→ Exercise brief
Could the data below please be reproduced word for word, without the pictures?

→ Recorded data
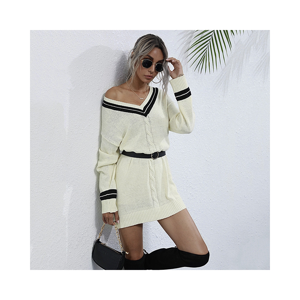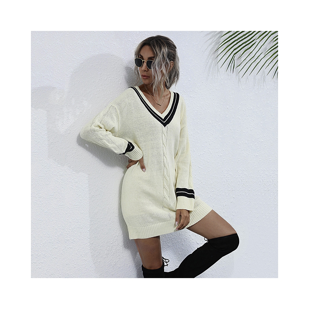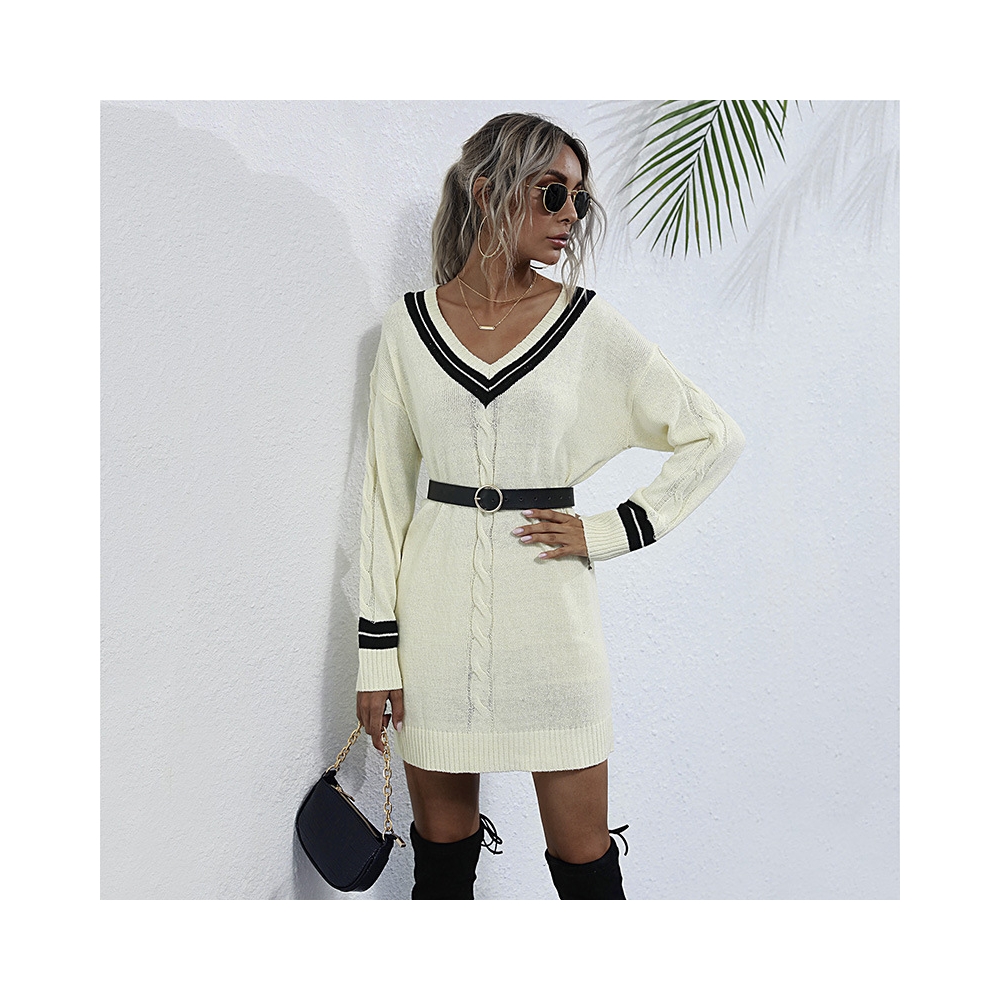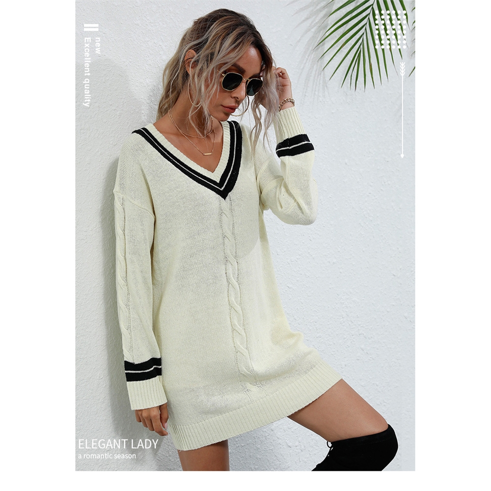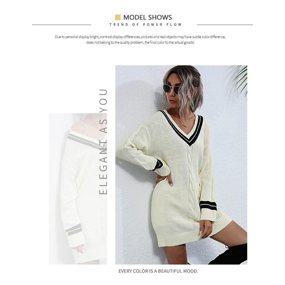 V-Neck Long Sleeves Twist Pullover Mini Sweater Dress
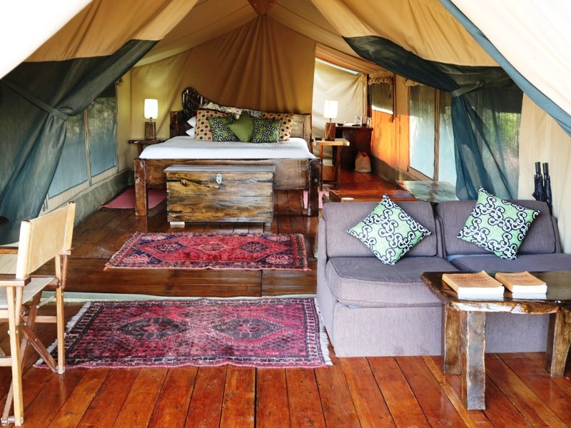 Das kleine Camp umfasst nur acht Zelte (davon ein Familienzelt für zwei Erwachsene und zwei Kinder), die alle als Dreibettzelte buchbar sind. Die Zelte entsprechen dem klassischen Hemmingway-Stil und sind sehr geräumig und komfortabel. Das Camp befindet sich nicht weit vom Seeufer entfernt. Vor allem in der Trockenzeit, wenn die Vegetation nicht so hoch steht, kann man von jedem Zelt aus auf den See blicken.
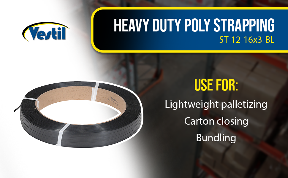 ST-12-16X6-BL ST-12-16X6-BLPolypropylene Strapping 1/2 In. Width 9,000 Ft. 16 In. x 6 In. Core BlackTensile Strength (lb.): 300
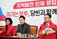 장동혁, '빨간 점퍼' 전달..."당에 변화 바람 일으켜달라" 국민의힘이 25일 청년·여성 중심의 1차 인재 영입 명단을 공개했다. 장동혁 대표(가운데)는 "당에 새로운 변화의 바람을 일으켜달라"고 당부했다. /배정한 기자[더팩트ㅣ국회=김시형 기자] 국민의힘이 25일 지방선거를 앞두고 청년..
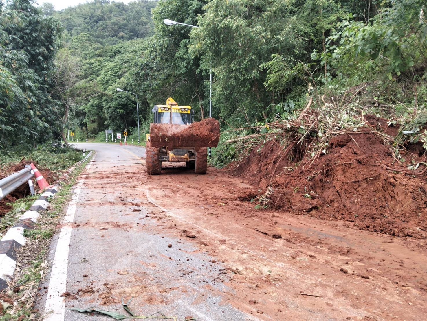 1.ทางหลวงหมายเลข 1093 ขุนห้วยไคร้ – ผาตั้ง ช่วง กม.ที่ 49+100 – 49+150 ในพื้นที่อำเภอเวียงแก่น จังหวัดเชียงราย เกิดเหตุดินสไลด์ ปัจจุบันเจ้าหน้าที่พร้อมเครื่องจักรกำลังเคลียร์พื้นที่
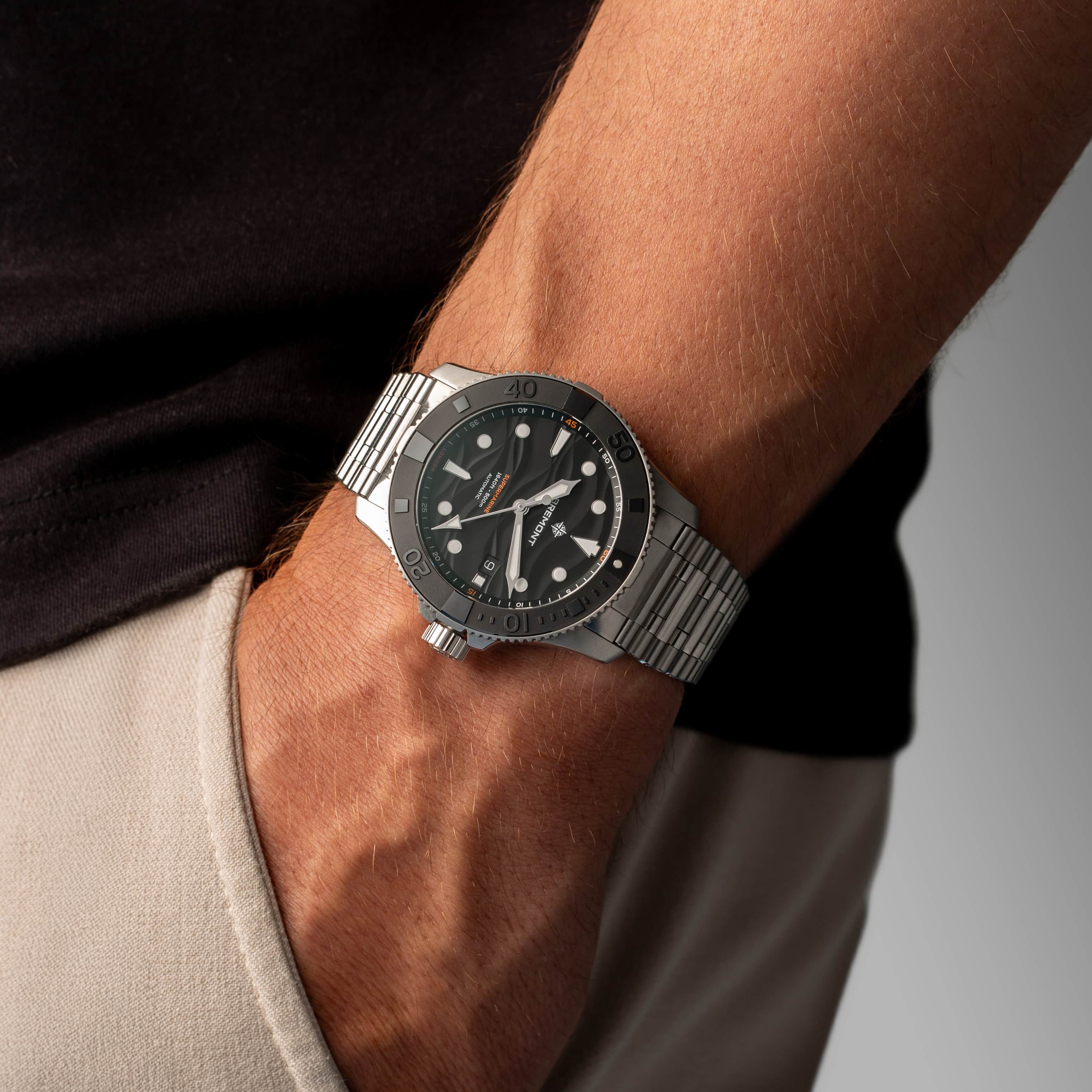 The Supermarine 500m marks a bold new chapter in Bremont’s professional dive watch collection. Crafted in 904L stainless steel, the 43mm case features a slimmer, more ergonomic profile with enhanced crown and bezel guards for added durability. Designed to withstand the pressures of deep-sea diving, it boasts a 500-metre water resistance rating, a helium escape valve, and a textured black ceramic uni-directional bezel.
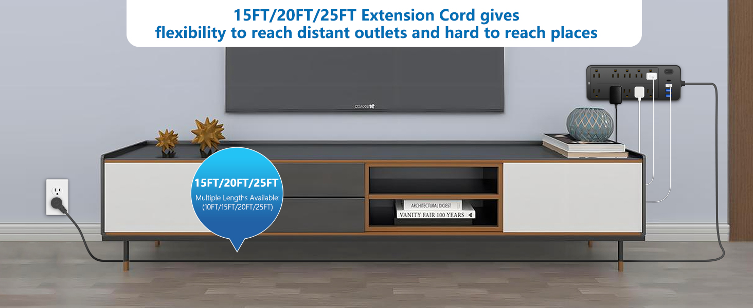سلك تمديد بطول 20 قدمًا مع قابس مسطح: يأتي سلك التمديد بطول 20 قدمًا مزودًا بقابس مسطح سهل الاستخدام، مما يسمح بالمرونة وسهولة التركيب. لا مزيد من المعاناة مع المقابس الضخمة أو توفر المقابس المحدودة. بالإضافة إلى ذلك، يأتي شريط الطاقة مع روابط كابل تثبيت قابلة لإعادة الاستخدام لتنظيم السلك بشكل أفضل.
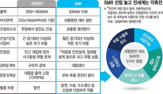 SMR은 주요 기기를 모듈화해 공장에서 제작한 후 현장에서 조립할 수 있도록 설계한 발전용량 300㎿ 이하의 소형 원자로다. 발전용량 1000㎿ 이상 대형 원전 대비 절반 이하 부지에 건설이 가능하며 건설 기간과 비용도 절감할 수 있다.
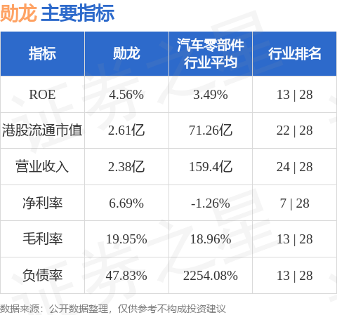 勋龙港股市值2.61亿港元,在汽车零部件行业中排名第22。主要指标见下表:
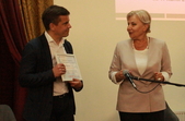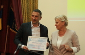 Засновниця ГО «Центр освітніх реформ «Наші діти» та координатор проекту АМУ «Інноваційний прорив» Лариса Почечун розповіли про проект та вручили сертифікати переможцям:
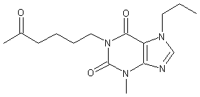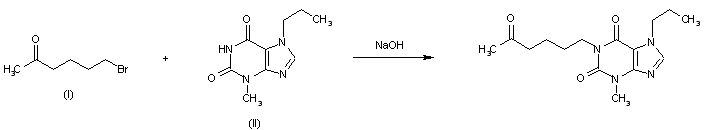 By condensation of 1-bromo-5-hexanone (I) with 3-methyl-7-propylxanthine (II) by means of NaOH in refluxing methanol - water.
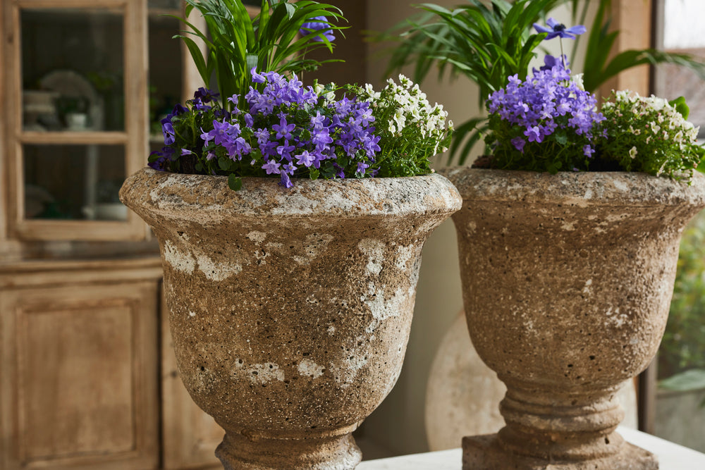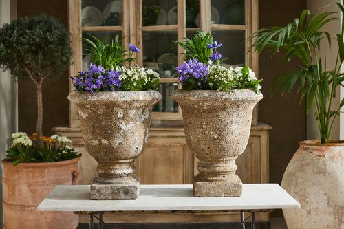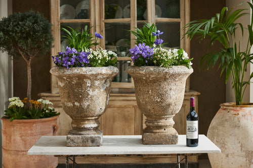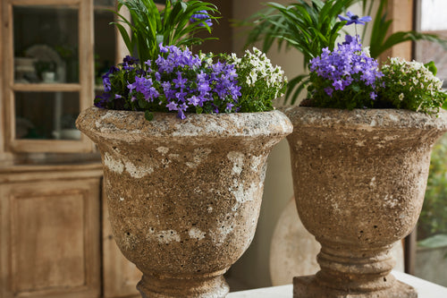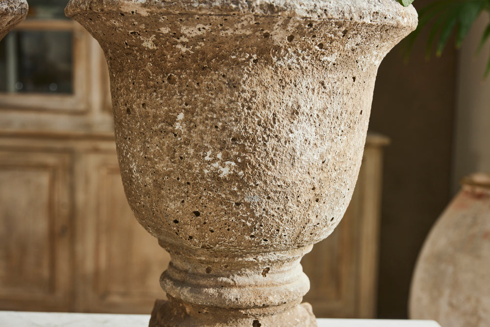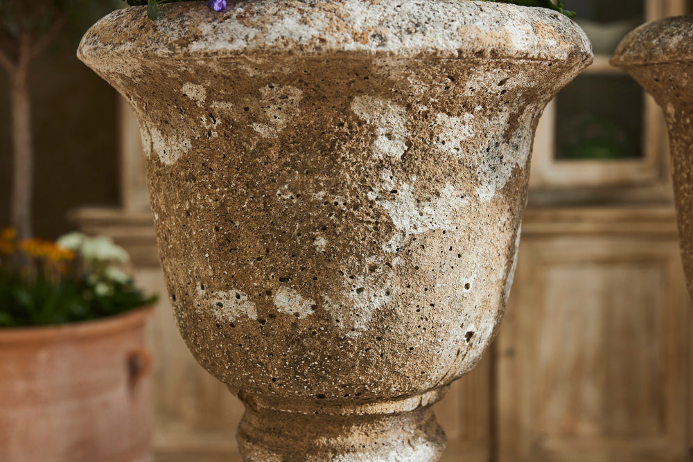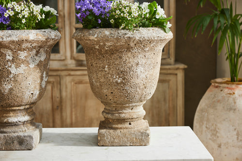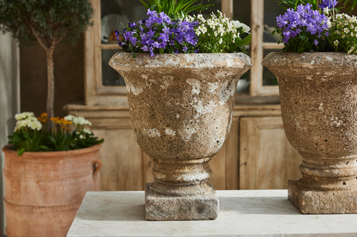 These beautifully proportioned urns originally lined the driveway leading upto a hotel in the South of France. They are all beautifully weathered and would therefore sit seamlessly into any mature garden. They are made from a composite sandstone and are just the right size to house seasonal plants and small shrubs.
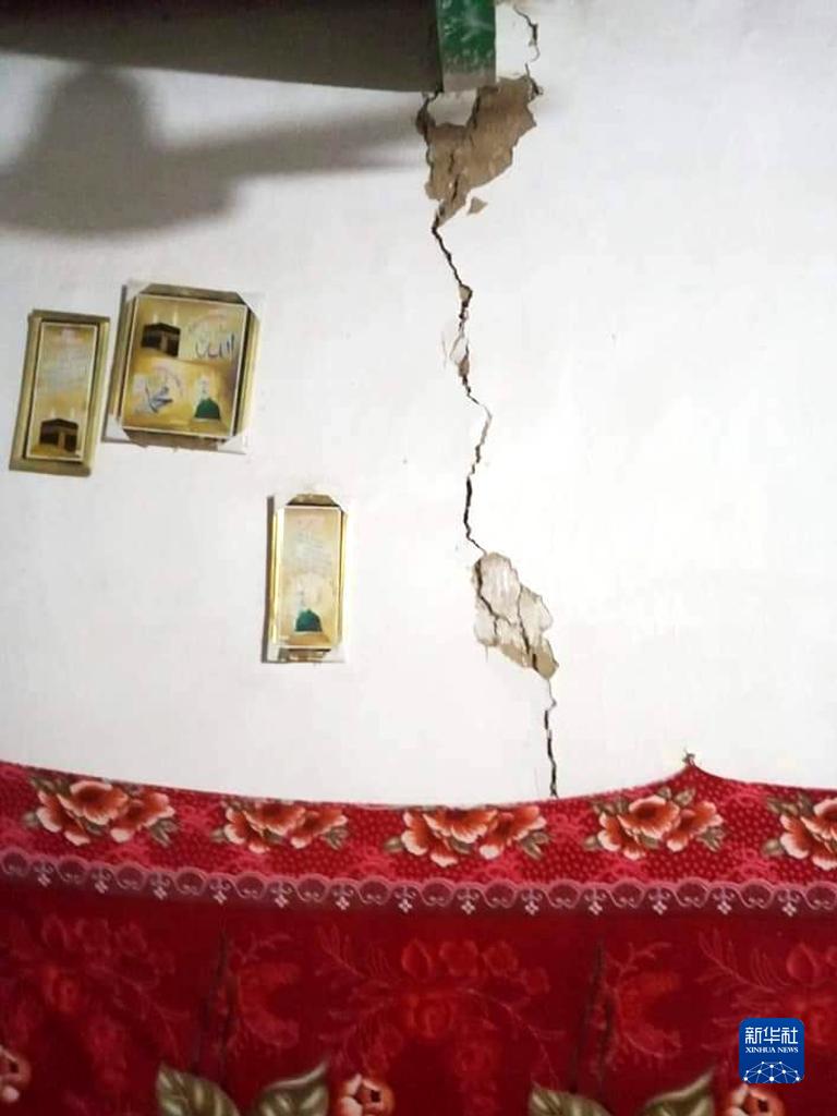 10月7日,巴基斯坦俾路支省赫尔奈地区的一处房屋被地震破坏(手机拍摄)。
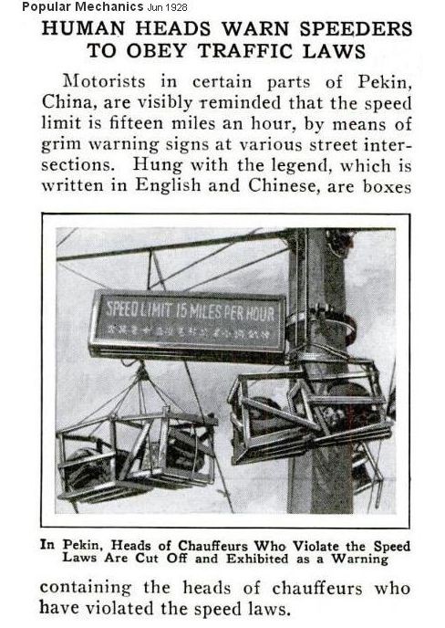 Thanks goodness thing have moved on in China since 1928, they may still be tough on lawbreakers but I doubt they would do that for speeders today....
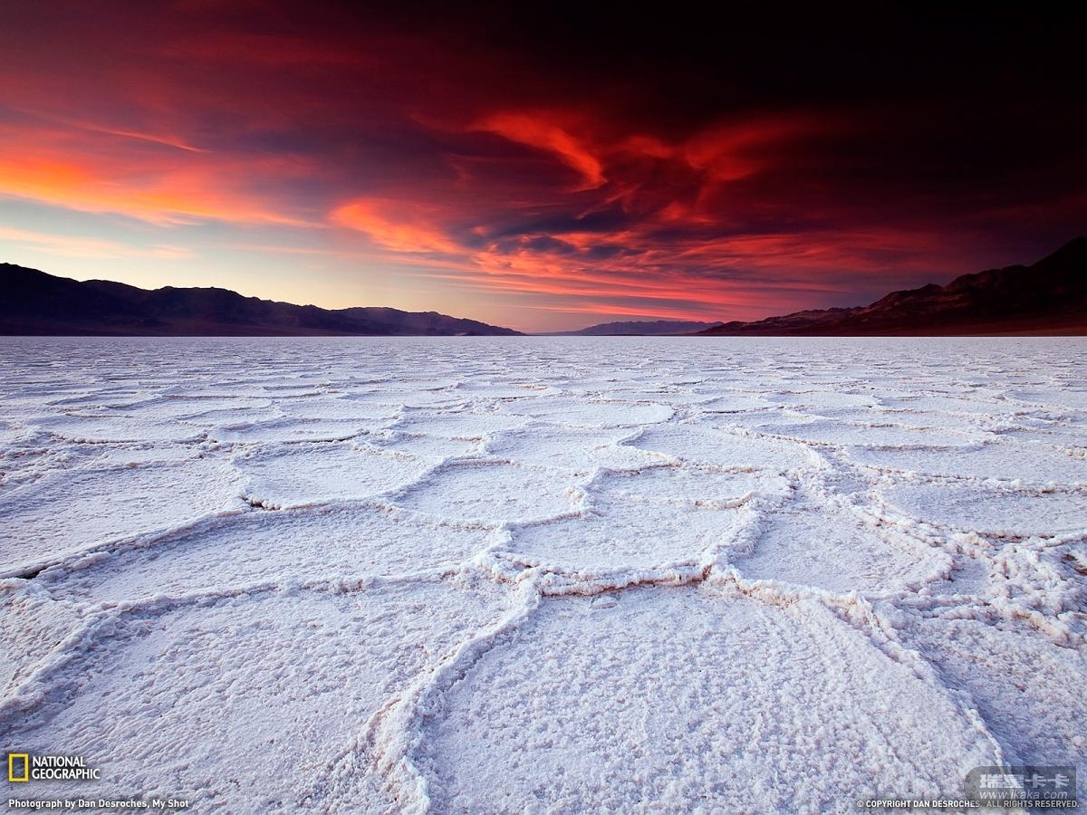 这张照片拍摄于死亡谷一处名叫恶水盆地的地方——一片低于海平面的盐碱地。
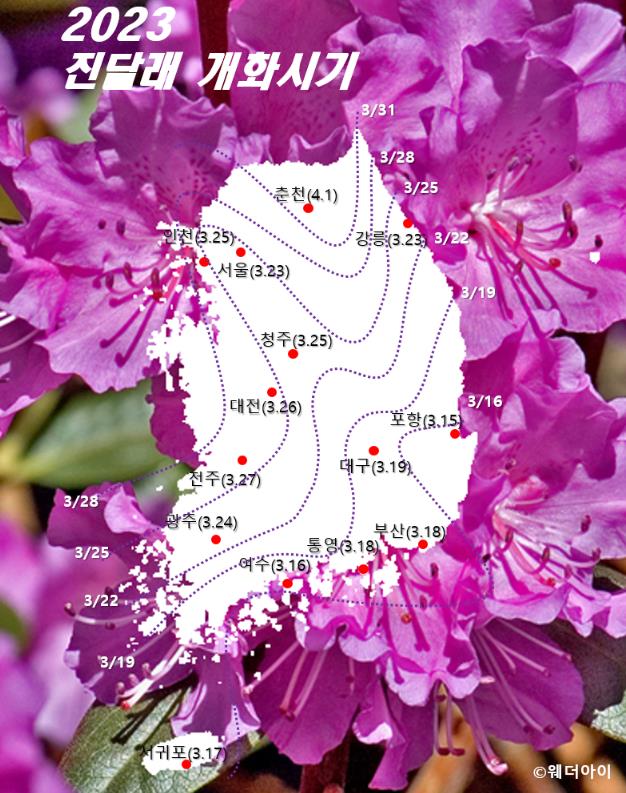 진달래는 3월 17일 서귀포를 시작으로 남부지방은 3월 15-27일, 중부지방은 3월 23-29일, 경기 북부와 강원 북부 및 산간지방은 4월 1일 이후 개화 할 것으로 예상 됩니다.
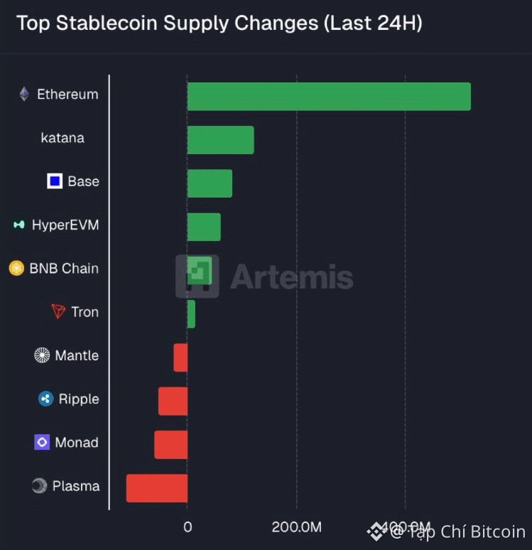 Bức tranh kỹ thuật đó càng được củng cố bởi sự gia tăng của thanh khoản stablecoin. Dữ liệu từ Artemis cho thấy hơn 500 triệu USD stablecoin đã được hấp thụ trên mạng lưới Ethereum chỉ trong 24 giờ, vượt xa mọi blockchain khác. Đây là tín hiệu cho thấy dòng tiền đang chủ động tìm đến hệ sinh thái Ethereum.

→ Answer for the task
 V-Neck Long Sleeves Twist Pullover Mini Sweater Dress
 Das kleine Camp umfasst nur acht Zelte (davon ein Familienzelt für zwei Erwachsene und zwei Kinder), die alle als Dreibettzelte buchbar sind. Die Zelte entsprechen dem klassischen Hemmingway-Stil und sind sehr geräumig und komfortabel. Das Camp befindet sich nicht weit vom Seeufer entfernt. Vor allem in der Trockenzeit, wenn die Vegetation nicht so hoch steht, kann man von jedem Zelt aus auf den See blicken.
 ST-12-16X6-BL ST-12-16X6-BLPolypropylene Strapping 1/2 In. Width 9,000 Ft. 16 In. x 6 In. Core BlackTensile Strength (lb.): 300
 장동혁, '빨간 점퍼' 전달..."당에 변화 바람 일으켜달라" 국민의힘이 25일 청년·여성 중심의 1차 인재 영입 명단을 공개했다. 장동혁 대표(가운데)는 "당에 새로운 변화의 바람을 일으켜달라"고 당부했다. /배정한 기자[더팩트ㅣ국회=김시형 기자] 국민의힘이 25일 지방선거를 앞두고 청년..
 1.ทางหลวงหมายเลข 1093 ขุนห้วยไคร้ – ผาตั้ง ช่วง กม.ที่ 49+100 – 49+150 ในพื้นที่อำเภอเวียงแก่น จังหวัดเชียงราย เกิดเหตุดินสไลด์ ปัจจุบันเจ้าหน้าที่พร้อมเครื่องจักรกำลังเคลียร์พื้นที่
 The Supermarine 500m marks a bold new chapter in Bremont’s professional dive watch collection. Crafted in 904L stainless steel, the 43mm case features a slimmer, more ergonomic profile with enhanced crown and bezel guards for added durability. Designed to withstand the pressures of deep-sea diving, it boasts a 500-metre water resistance rating, a helium escape valve, and a textured black ceramic uni-directional bezel.
سلك تمديد بطول 20 قدمًا مع قابس مسطح: يأتي سلك التمديد بطول 20 قدمًا مزودًا بقابس مسطح سهل الاستخدام، مما يسمح بالمرونة وسهولة التركيب. لا مزيد من المعاناة مع المقابس الضخمة أو توفر المقابس المحدودة. بالإضافة إلى ذلك، يأتي شريط الطاقة مع روابط كابل تثبيت قابلة لإعادة الاستخدام لتنظيم السلك بشكل أفضل.
 SMR은 주요 기기를 모듈화해 공장에서 제작한 후 현장에서 조립할 수 있도록 설계한 발전용량 300㎿ 이하의 소형 원자로다. 발전용량 1000㎿ 이상 대형 원전 대비 절반 이하 부지에 건설이 가능하며 건설 기간과 비용도 절감할 수 있다.
 勋龙港股市值2.61亿港元,在汽车零部件行业中排名第22。主要指标见下表:
 Засновниця ГО «Центр освітніх реформ «Наші діти» та координатор проекту АМУ «Інноваційний прорив» Лариса Почечун розповіли про проект та вручили сертифікати переможцям:
 By condensation of 1-bromo-5-hexanone (I) with 3-methyl-7-propylxanthine (II) by means of NaOH in refluxing methanol - water.
 These beautifully proportioned urns originally lined the driveway leading upto a hotel in the South of France. They are all beautifully weathered and would therefore sit seamlessly into any mature garden. They are made from a composite sandstone and are just the right size to house seasonal plants and small shrubs.
 10月7日,巴基斯坦俾路支省赫尔奈地区的一处房屋被地震破坏(手机拍摄)。
 Thanks goodness thing have moved on in China since 1928, they may still be tough on lawbreakers but I doubt they would do that for speeders today....
 这张照片拍摄于死亡谷一处名叫恶水盆地的地方——一片低于海平面的盐碱地。
 진달래는 3월 17일 서귀포를 시작으로 남부지방은 3월 15-27일, 중부지방은 3월 23-29일, 경기 북부와 강원 북부 및 산간지방은 4월 1일 이후 개화 할 것으로 예상 됩니다.
 Bức tranh kỹ thuật đó càng được củng cố bởi sự gia tăng của thanh khoản stablecoin. Dữ liệu từ Artemis cho thấy hơn 500 triệu USD stablecoin đã được hấp thụ trên mạng lưới Ethereum chỉ trong 24 giờ, vượt xa mọi blockchain khác. Đây là tín hiệu cho thấy dòng tiền đang chủ động tìm đến hệ sinh thái Ethereum.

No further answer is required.